Urea-dicyandiamide mixtures are produced from cyanamide solutions by adding mineral acid (sulfuric acid). However, the yields by this process are very poor.

It has been found that a significant increase in yields can be achieved if the reaction is carried out while heating from 60 to 75 °. It is useful to use 5 to 10 parts by weight of 100 parts by weight of cyanamide, based on 100% acid. The acid that can be used is primarily sulfuric acid. The cyanamide solution is expediently evaporated during the catalysis. According to the process according to the invention, yields of more than 85% urea, based on cyanamide, are achieved. If you work below 60 °, the reaction takes place only slowly; if you work above this, insoluble nitrogen compounds are formed.

It was found that an acid addition of 7.5% based on 100% acid, the best yield of urea, based on the amount of acid added. Starting at a cyanamide concentration of about 25 g. Cyanamid-N / Ltr. larger amounts of acid are required to carry out the remaining turnover. This residual concentration can be increased by evaporation. In order to convert cyanamide solutions into a form that is particularly useful for condensation purposes, ie to obtain urea-dicyanamide mixtures, according to the above knowledge, the procedure is that cyanamide solutions with a certain amount of acid, as described above, are first converted to urea, with the reaction initially being carried out up to Performs an optimum of 75% appropriately. The acid can be felled and detached. The remainder of the cyanamide nitrogen is then polymerized under alkaline conditions to form dicyandiamide.

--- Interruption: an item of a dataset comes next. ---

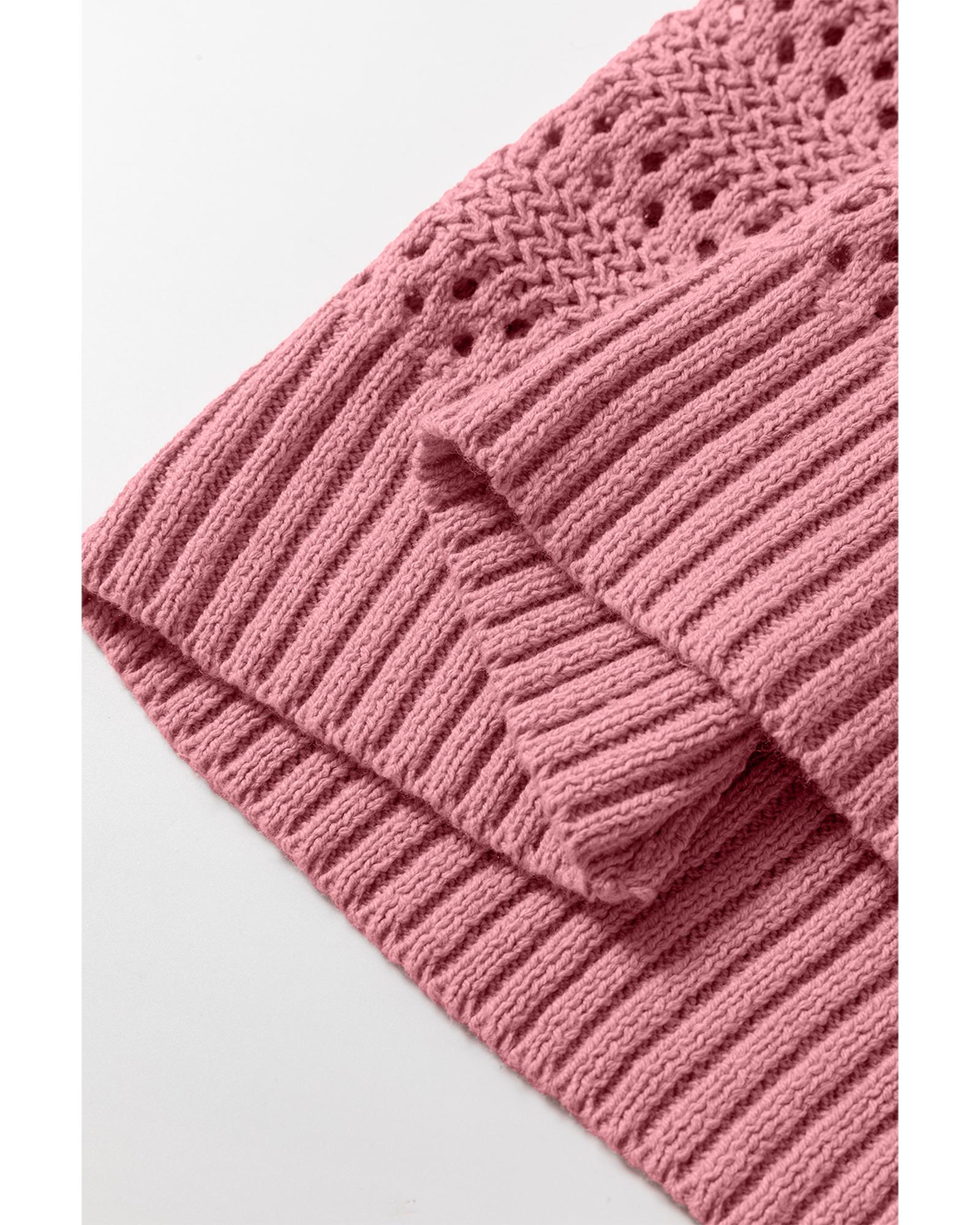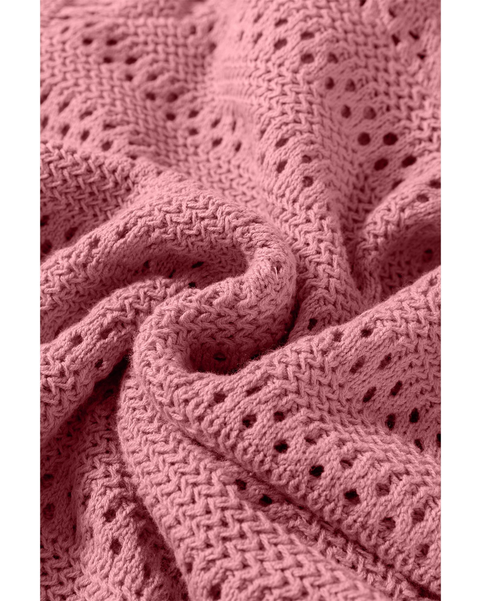 Peach Blossom Pointelle Knit Raglan Sleeve Hooded Sweater – S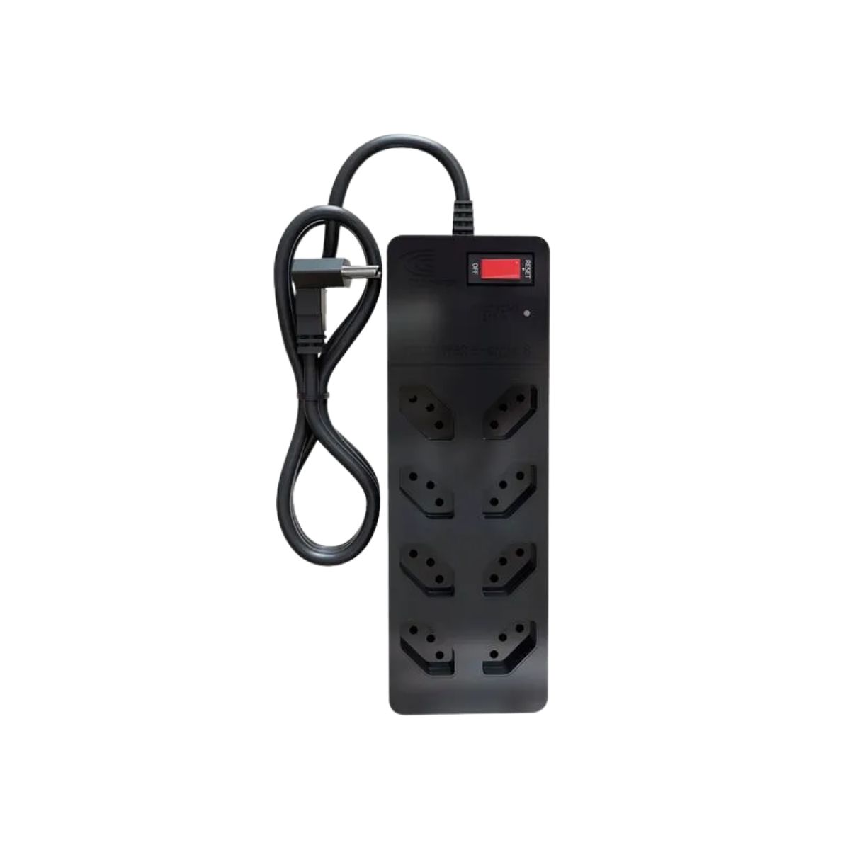 • Tomadas 2P+T (Pino redondo e Terra): 8 tomadas com proteção contra choques elétricos, adequadas para diversos tipos de dispositivos, como computadores, equipamentos de áudio, TVs e outros eletrodomésticos.

This implementation is completely going on. The urea-dicyandiamide mixtures thus obtained give, optionally after evaporation in vacuo, condensed with aldehydes and filled with fillers, very free-flowing and hardening molding powders which give molding compounds of high gloss and high water resistance.

Example 1:

100 parts by volume of a cyanamide solution with 100 g of cyanamide N / Ltr. (150 g of H (sub) 2CH (2) 1 Ltr. Are mixed with 3 parts by volume of 50% sulfuric acid and heated at 70 ° for 11 hours, the concentration expediently by evaporation The conversion of the cyanamide nitrogen is 88% urea nitrogen.

Example 2:

100 parts by volume of a cyanamide solution with 64 g of cyanamide N / liter (96 g H (sub) 2CN (sub) c / liter) are mixed with 1.44 parts by volume of a 50% H (sub) 2SO (sub) 4 and heated at 65 - 70 ° for 10 hours. The sulfate ions are conveniently separated off with lime precipitated and the solution is adjusted to a pH of 9-10 and heated at 70 ° for 6 hours. The salt mixture obtained by evaporation contains 31% nitrogen in the form of urea and 11.76% in the form of dicyandiamide; the cyanamide nitrogen yield is 87%, based on dicyandiamide and urea formation. For 1 kg of H (sub) 2SO (sub) 4, 12.75 kg of urea are formed.

Example 3a:

100 parts by volume of a cyanamide solution with 64 g cyanamide-N / ltr. 1.92 parts by volume of a 50% H (sub) SO (sub) 4 are added and the mixture is heated at 65 ° -70 ° for 9 hours. 9.5 kg of urea are formed on 1 kg of H (sub) 2SO (sub) 4.

Example 3b:

100 parts by volume of a cyanamide solution with 64 g cyanamide-N / ltr. 0.96 parts by volume of a 50% H (sub) 2SO (sub) 4 are added and the mixture is heated at 65-70 ° for 7 hours. 3.74 kg of urea are formed on 1 kg of H (sub) 2SO (sub) 4.

Claims (4)

1.) Process for the preparation of urea and urea-dicyandiamide mixtures from cyanamide solutions using mineral acids, characterized in that the mixture is heated to 60-75 °. 2.) Method according to claim 1.), characterized in that 5 - 10 parts by weight of acid, based on 100 <illegible> acid, are used per 100 parts by weight of cyanamide. 3.) Method according to claims 1.) and 2.), characterized by the use of sulfuric acid. 4.) Method according to claims 1.) to 3.), characterized in that the cyanamide solution is evaporated during the catalysis.